*TRY IT:* Copy, please, the line with "McCall's M7876 Misses" and each line that follows it through the end of the data below, exactly as given and without pictures.

(Data items)
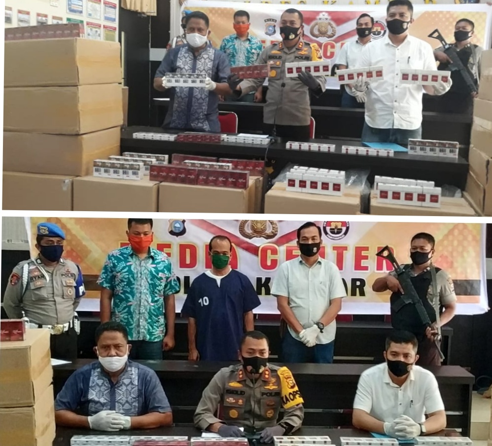 Kapolres Kampar AKBP Mohammad Kholid SIK, didampingi Kasat Reskrim AKP Fajri SH, SIK dan Kasubbag Humas Iptu Deni Yusra,  melaksanakan Ekspos atas Kasus Kepemilikan, Pengedaran dan Penjualan Rokok illegal Tanpa Pita Cukai yang dit
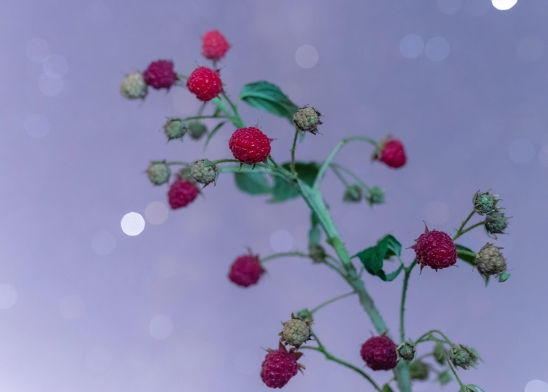 7月26日在黑龍江省佳木斯市郊區(qū)拍攝的星空下的樹莓。
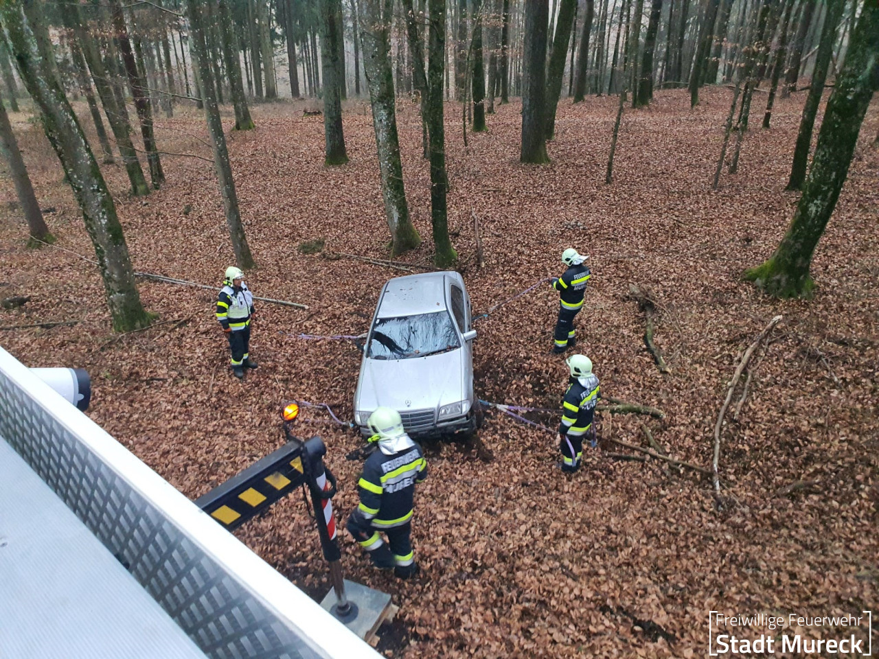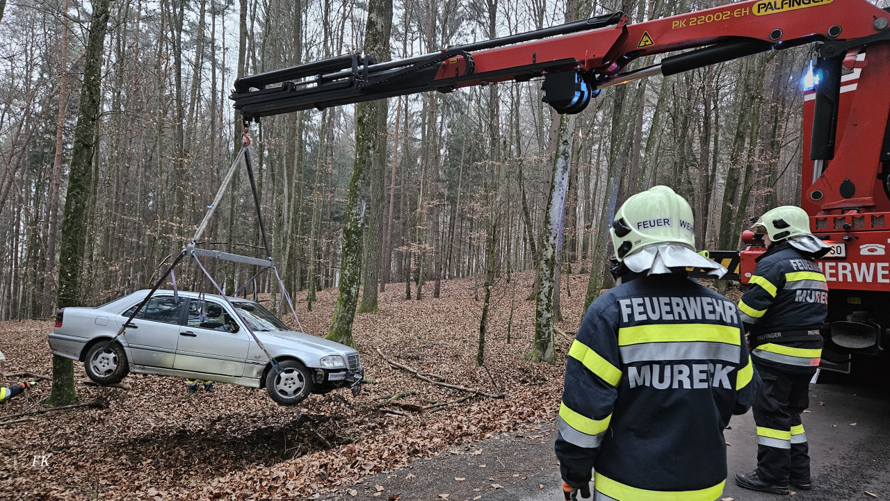 Mit Hilfe des Kranes der Feuerwehr Mureck konnte der PKW, der seine Fahrt selbstständig fortsetzen konnte, geborgen werden.
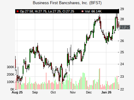 Raymond James analyst issues OUTPERFORM recommendation for BFST on January 7, 2026 10:54AM ET. The previous analyst recommendation was Outperform. BFST was trading at $26.28 at issue of the analyst recommendation. The overall analyst consensus : BUY. Current analyst recommendations are : 4 - Buy recommendations .
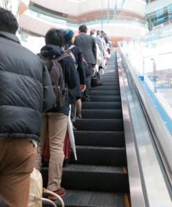 The Mistake: Blocking the flow of people by standing in the middle or on the “walking” side.
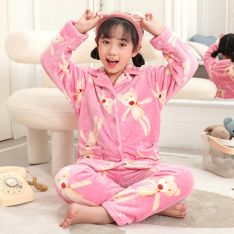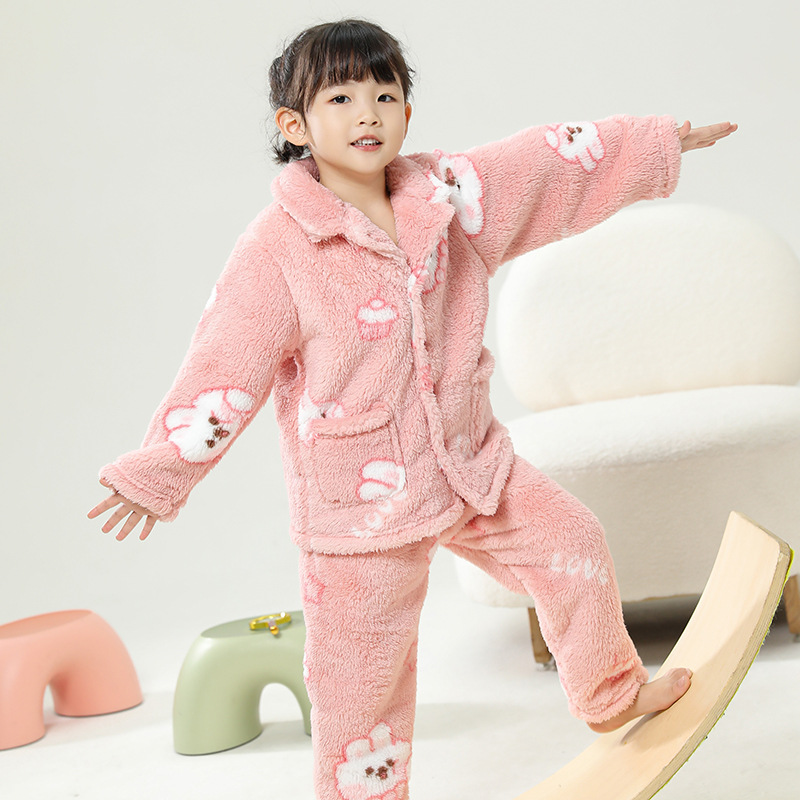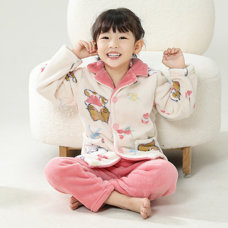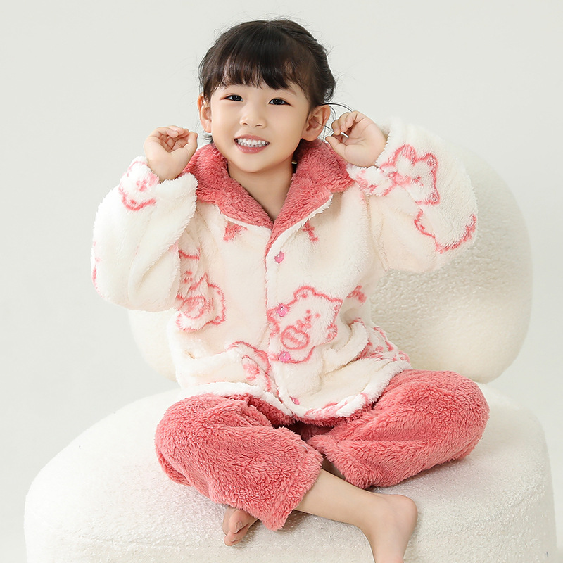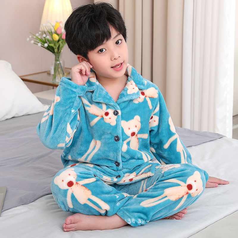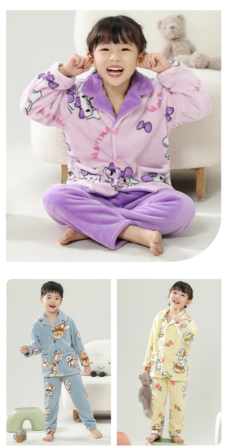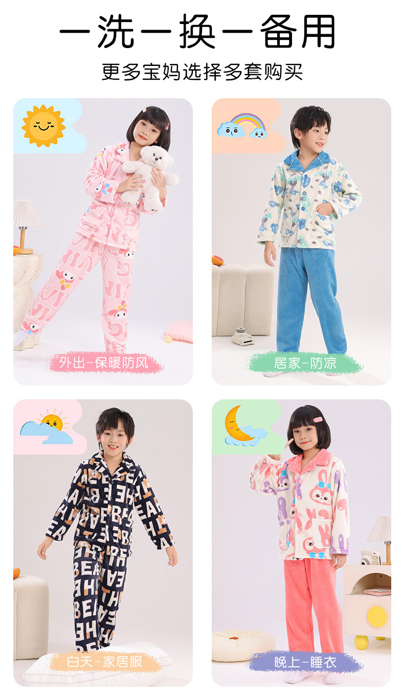 어린이 플란넬 잠옷 가을, 겨울 소년 두꺼운 가을 스타일 소년과 소녀 아기 가정 의류 세트 가을 의류스토어 가기
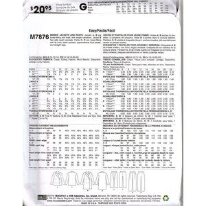 McCall's M7876 Misses 6 to 14 Pants and Jacket Uncut Sewing Pattern New
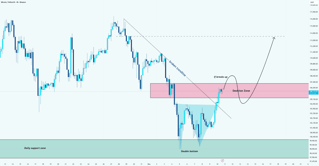 قیمت الان داره به منطقه تصمیم نزدیک میشه، یه ناحیه عرضه کلیدی که ریزش قبلی از اونجا شروع شد. این منطقه مشخص میکنه که این ریکاوری فعلی فقط یه واکنش معمولیه یا شروع یه ادامه روند صعودی بزرگتر.
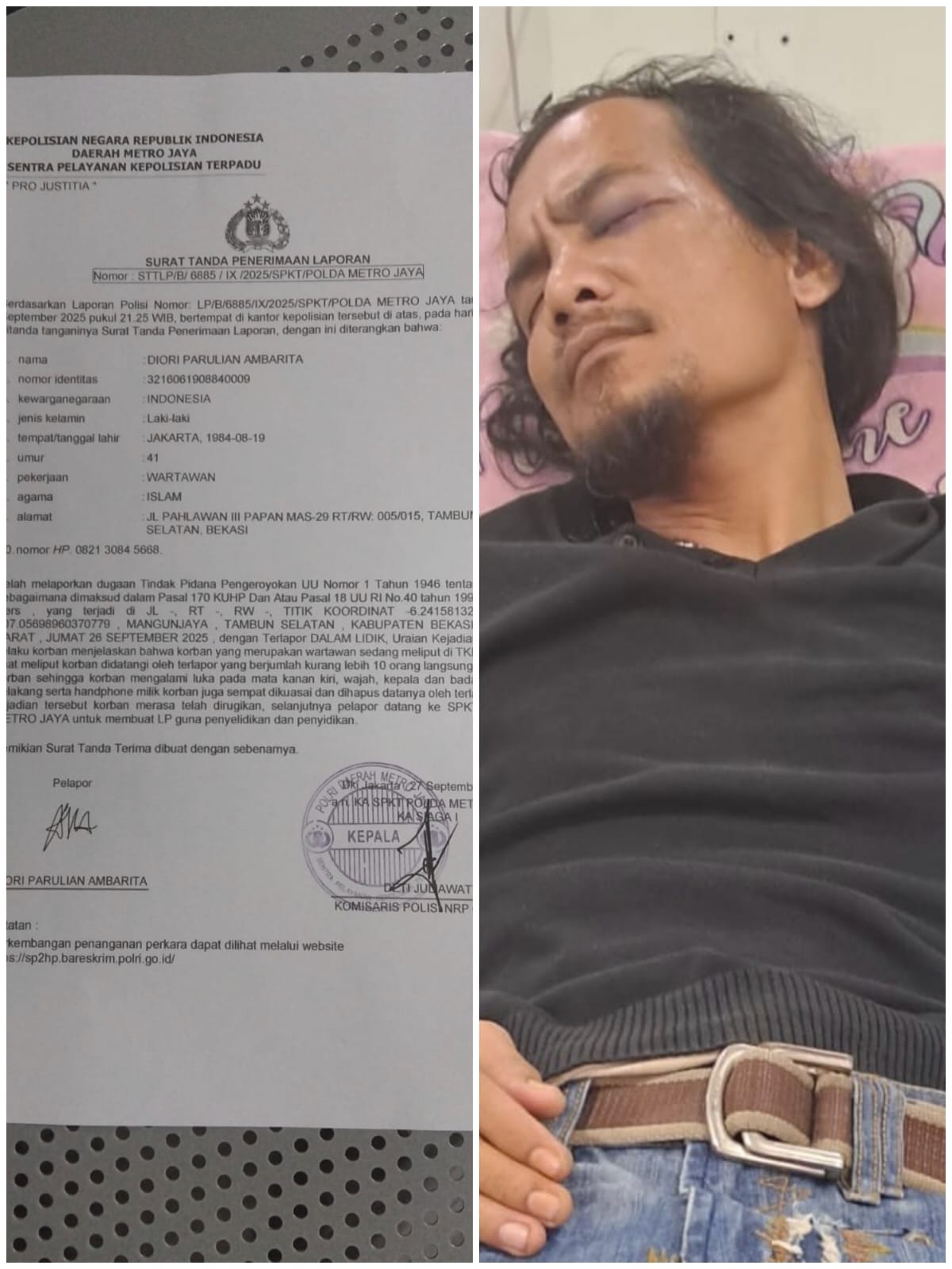 Laporan dengan nomor: STTLP/B/6885/IX/2025/SPKT/POLDA METRO JAYA itu menyebutkan bahwa insiden terjadi pada Jumat, 26 September 2025 di wilayah Mangunjaya, Tambun Selatan, Kabupaten Bekasi. Diori yang sedang meliput sebuah kejadian di lapangan tiba-tiba dikeroyok oleh sekitar 10 orang tak dikenal.
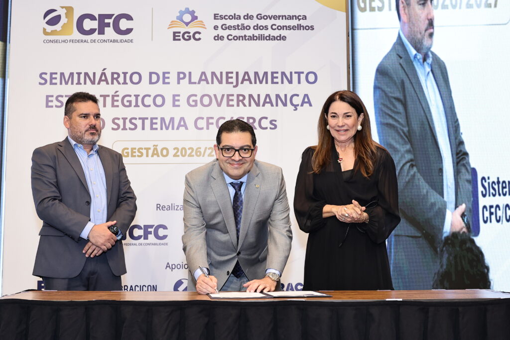 A assinatura do Convênio de Cooperação entre as entidades ocorreu durante o Seminário de Planejamento Estratégico e Governança do Sistema CFC/CRCs, na manhã da terça-feira (9). Participaram da cerimônia o presidente do CFC, Joaquim Bezerra; a diretora de Administração e Finanças do Sebrae Nacional, Margarete Coelho; e o presidente da Fenacon, Daniel Coêlho.

*RESULT OF THE EXERCISE:*
 McCall's M7876 Misses 6 to 14 Pants and Jacket Uncut Sewing Pattern New
 قیمت الان داره به منطقه تصمیم نزدیک میشه، یه ناحیه عرضه کلیدی که ریزش قبلی از اونجا شروع شد. این منطقه مشخص میکنه که این ریکاوری فعلی فقط یه واکنش معمولیه یا شروع یه ادامه روند صعودی بزرگتر.
 Laporan dengan nomor: STTLP/B/6885/IX/2025/SPKT/POLDA METRO JAYA itu menyebutkan bahwa insiden terjadi pada Jumat, 26 September 2025 di wilayah Mangunjaya, Tambun Selatan, Kabupaten Bekasi. Diori yang sedang meliput sebuah kejadian di lapangan tiba-tiba dikeroyok oleh sekitar 10 orang tak dikenal.
 A assinatura do Convênio de Cooperação entre as entidades ocorreu durante o Seminário de Planejamento Estratégico e Governança do Sistema CFC/CRCs, na manhã da terça-feira (9). Participaram da cerimônia o presidente do CFC, Joaquim Bezerra; a diretora de Administração e Finanças do Sebrae Nacional, Margarete Coelho; e o presidente da Fenacon, Daniel Coêlho.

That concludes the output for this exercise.